Our guest is Philip Herzig, the Chief AI Officer at the enterprise software company SAP. He's held a variety of roles in that company on both the engineering and product sides. These days he's tasked with leading the company's business AI strategy. Let's find out about his job. Hi Philip, welcome to the show.

Philipp Herzig: Thank you so much, Richie. Pleasure to be here with you today.

Richie Cotton: Excellent. So there are a lot of technical C suite positions. You've got chief data officer, chief technical officer, chief information officer. How does the chief AI officer role differ from these?

Philipp Herzig: That's a great question. So, I mean, first of all, it's a new role, right? that we also at SAP, we have established at ... See more

the beginning, 2024. And at least, I mean, there are different interpretations, right? On what that role entails. The way, Or why we have set it up specifically in SAP is to really take a 360 perspective on AI.

For all the functions. I mean, as one of the largest enterprise application vendors, right? Specifically out of Europe. We have to take not of course only the adoption internally, right? For our processes and for our people into account. But obviously how we, think about the products, how we bring AI all to our products.

We can spend a little bit more time, I think, about our product strategy in a minute. And then really think this end to end through, right? How do we do legal aspects, the commercial aspects? And as we all know, right, who are also regularly listening to this podcast, there's so many things that happen every day.

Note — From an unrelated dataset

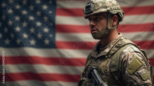Fototapeta premium Soldier standing in front of American flag patriotic military scene

Every, every week, new models come around the corner. Or there's something happening on the regulatory side of the house. So the question is really like, what is the center of excellence or like the nucleus in the company that takes all those signals, all those concepts into account and, fit them together.

differently or every single day, right? And there's every day there are new opportunities, new risks. And in this role, the way how we interpret it is really take an end to end view, But at the same time, it's also just a relatively small department because at the end of the day, and that's part of our strategy as we embed AI specifically all in our enterprise applications is then to work with all the connected board areas, right?

Product and engineering, technology department, the CTO, the CIO for internal adoption our sales and marketing teams closely together, right? To then scale the entire approach across the entire portfolio that we have today. It's

Richie Cotton: Okay, so that sounds like you're working with a lot of different teams there. So you mentioned product engineering, the commercial teams, legal teams, the whole lot. Okay, so, uh, can you go into any more depth? Like, what do your day to day responsibilities look like?

Philipp Herzig: So, first of all, as part of this Chief AI Officer mandate we have basically all the roles in there, right? So we have, for example, part of my team, that was the team also before, right? So AI is not a new thing. I was Before that, I was on the engineering side of the organization, right? This is also why this cross collaboration and this work is so natural to us as a team because I was actually part of the product engineering board area within SAP, right?

Where all the applications like our ERP, our HR applications, finance, supply chain, procurement applications like Concur, Fieldglass, Ariba, SuccessFactors, some of them you may know, are located within SAP. And, I was always the cross engineering guy, if you will, right, looking top to bottom, looking at our user experience, looking at our process integration, our technology adoption with respect to our technology platforms.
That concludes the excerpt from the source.